SECURITIES AND EXCHANGE COMMISSION

Washington, D.C. 20549

Form 8-K

Current Report

Pursuant to Section 13 or 15(d) of the Securities Exchange Act of 1934

Date of Report (Date of earliest event reported): March 28, 2002

 

 

LANDEC CORPORATION

 

 

(Exact name of registrant as specified in its charter)

 

 

 

 

 

0-27446

 

 

(Commission File Number)

 

 

California

 

94-3025618

(State or other jurisdiction of incorporation)

 

(I.R.S. Employer Identification No.)

 

 

 

3603 Haven Avenue, Menlo Park, California 94025

(Address of principal executive offices, with zip code)

(650) 306-1650

(Registrant’s telephone number, including area code)

N/A

(Former name or former address, if changed since last report)

 



 

Item 5.                    OTHER EVENTS.

On March 28, 2002, Landec Corporation (the “Company”) announced that it had entered into Subscription Agreements dated March 26, 2002 (the “Subscription Agreements”) for the private placement of 2,580,665 shares of Common Stock, $0.001 par value (the “Common Stock”), to certain accredited, institutional investors at $3.10 per share resulting in aggregate proceeds of $8,000,061.50 (the “Financing”).  Pursuant to the Subscription Agreements, on March 28, 2002 the Company completed the sale of 1,935,504 shares resulting in aggregate proceeds of $6,000,062.40, and on April 5, 2002 the Company expects to complete the sale of an additional 645,161 shares resulting in aggregate proceeds of $1,999,999.10.

Roth Capital Partners, LLC (“Roth”) served as placement agent in connection with the Financing.  As consideration for its services, the Company paid Roth a placement agent fee of $640,000.

Pursuant to a Registration Rights Agreement dated March 26, 2002 (the “Rights Agreement”), the Company agreed to prepare and file with the Securities and Exchange Commission a Registration Statement under the Securities Act covering the resale of the Common Stock within thirty (30) days after March 28, 2002.

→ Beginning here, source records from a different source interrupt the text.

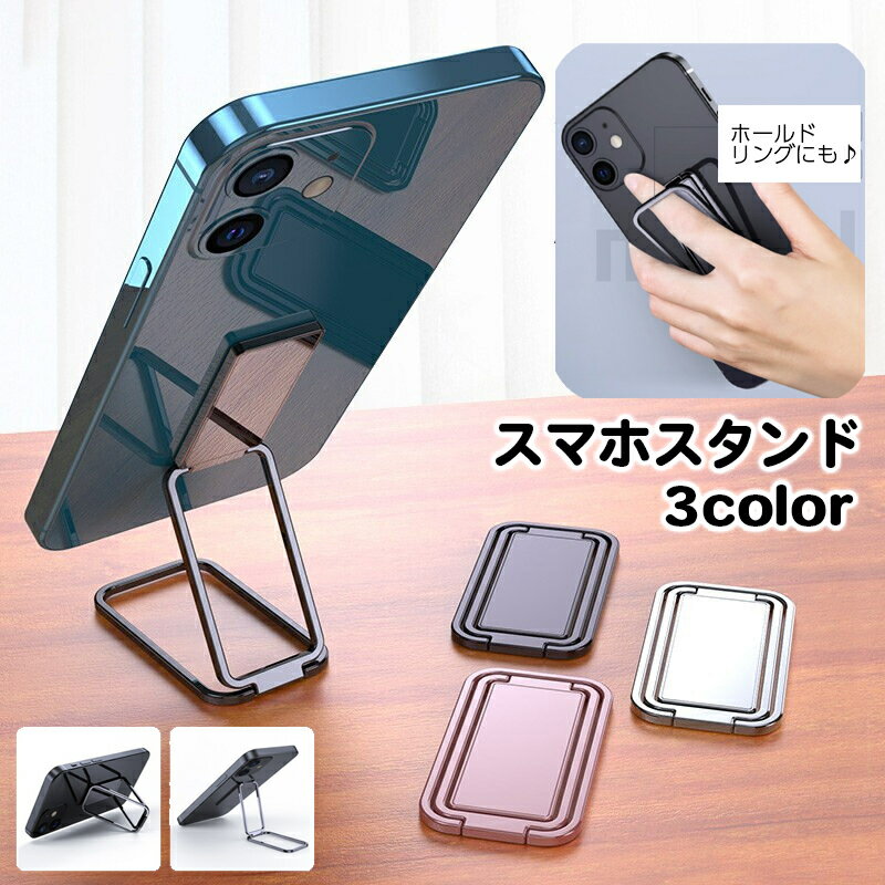 | 送料無料 スマホスタンド ホールドリング スマホリング 2in1 タブレットスタンド 長方形 スクエア リングホルダー 2way 縦置き 横置き 折り畳み シンプル おしゃれ スタイリッシュ 携帯 iPhone Android 便利 スマートフォンアクセサリー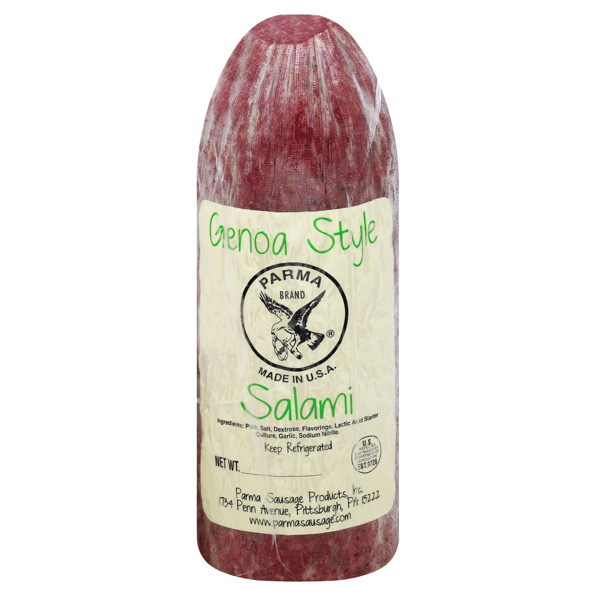 US inspected and passed by Department of Agriculture. www.parmasausage.com.
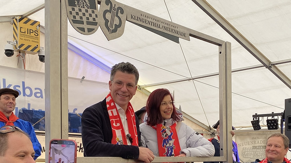 Neuenrade. Zum 35-jährigen Jubiläum der Städtepartnerschaft hat die Stadt Klingenthal der Stadt Neuenrade einen begehbaren Fotorahmen geschenkt.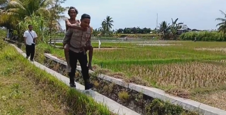 LOMBOK UTARA NTB – Polda NTB, Bripka Sahardi selaku Babinkamtibmas Desa Pemenang Barat yang di dampingi Kaur perencanaan Desa Pemenang Barat saudara Sakrani dan tenaga kesehatan Pustu Telaga wareng saudara Anis Alwaeni melaksanakan evakuasi salah satu warga yang dilaporkan hilang dan ditemukan di gubuk Persawahan Dusun Telaga Wareng Desa Pemenang Barat Kecamatan Pemenang KLU, Selasa, 15/8/2023.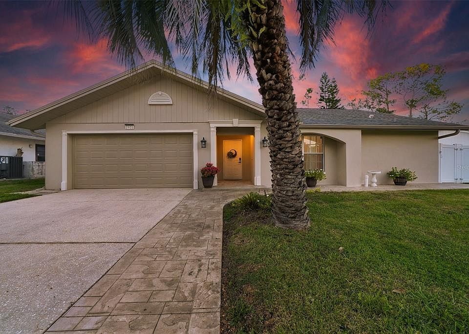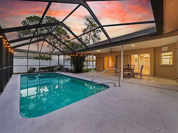 One or more photo(s) has been virtually staged. This fully renovated 3-bedroom, 2-bath split-plan pool home captures the best of indoor-outdoor living in one of Palm Harbor’s most sought-after neighborhoods. Step inside to discover the centerpiece of the home — a brand-new $35,000 gourmet kitchen showcasing sleek modern finishes: glass composite countertops and backsplashes, abundant counter space, and new LG smart appliances, including a large refrigerator, Wi-Fi oven, dishwasher, and a commercial-grade range hood with chimney. You’ll find vaulted ceilings in the living room, family room, and primary suite, all complemented by brand-new interior doors and luxury vinyl plank flooring with new baseboards throughout the main living areas, paired with porcelain tile. Every major system has been refreshed for your comfort and convenience: New roof & gutters (Feb 2023), new A/C (Mar 2023), and new electrical panel with whole-home surge protection (Jul 2025). Stamped concrete walkways (Nov 2023) and a 4-stage sprinkler system keep the exterior pristine, while keyless entry and an oversized two-car garage — plus a second full-size refrigerator — added everyday functionality. Best of all, this property sits in a no-flood zone for peace of mind year-round. Step outside to your private retreat — a deep saltwater pool surrounded by lush greenery and a fully fenced backyard with a double-door gate for boat or trailer access. Perfect for pets, entertaining, or simply relaxing under the pines. A private gate connects directly to the Pinellas Trail, offering endless opportunities for walking, running, or biking right from your backyard. Ideally situated near Highway 19, Curlew Road, and McMullen Booth Road, you’re minutes from Countryside Mall, Countryside Hospital, and top-rated schools. The Gulf beaches of Honeymoon Island are just 15 minutes away, with Tampa International and St. Pete–Clearwater airports within 20 minutes.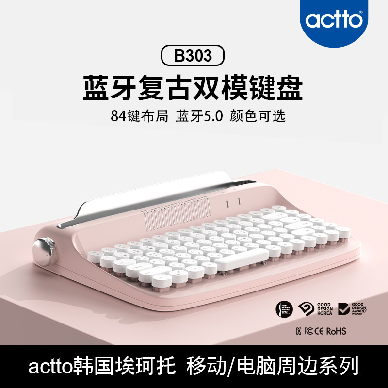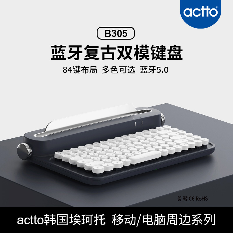 复古无线双模键盘定制B305蓝牙5.0圆形键帽actto办公薄膜键盘批发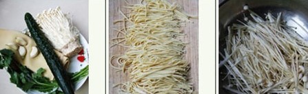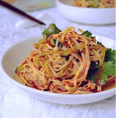 原料:豆腐皮、金針菇、黃瓜、香菜、蒜。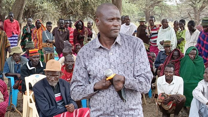 Erupe Lobuin addressing a peace meeting at Isiolo/Igembe border/ Cosmas Ekuwam.

The terms of the Financing are more fully set forth in the Subscription Agreements attached hereto as Exhibit 10.1 and the Rights Agreement attached hereto as Exhibit 4.1.

Item 7.                    FINANCIAL STATEMENTS AND EXHIBITS

                (c)           Exhibits.

4.1        Registration Rights Agreement between the Company and certain investors, dated as of March 26, 2002.

10.1      Subscription Agreements between the Company and certain investors, dated as of March 26, 2002.

99.1      Press Release dated March 28, 2002.

*  The Company hereby agrees to furnish to the Securities and Exchange Commission supplementally, any schedules or exhibits to such agreement which are not filed herewith, upon the request of the Securities and Exchange Commission.

 

 



 

SIGNATURES

 

Pursuant to the requirements of the Securities Exchange Act of 1934, as amended, the Company has duly caused this Report to be signed on its behalf by the undersigned, thereunto duly authorized.

LANDEC CORPORATION

(Registrant)

 

 

Date:  April 1, 2002

By:

/s/ Gregory S. Skinner

 

 

Gregory S. Skinner

 

 

Vice President of Finance and Chief Financial Officer

 

 

 



 

LANDEC CORPORATION

 

INDEX TO EXHIBITS

Exhibit No.

 

Exhibit Title

4.1

 

Registration Rights Agreement between the Company and certain investors, dated as of March 26, 2002.

 

 

 

10.1

 

Subscription Agreements between the Company and certain investors, dated as of March 26, 2002.

 

 

 

99.1

 

Press Release dated March 28, 2002.

*              The Company hereby agrees to furnish to the Securities and Exchange Commission supplementally, any schedules or exhibits to such agreement which are not filed herewith, upon the request of the Securities and Exchange Commission.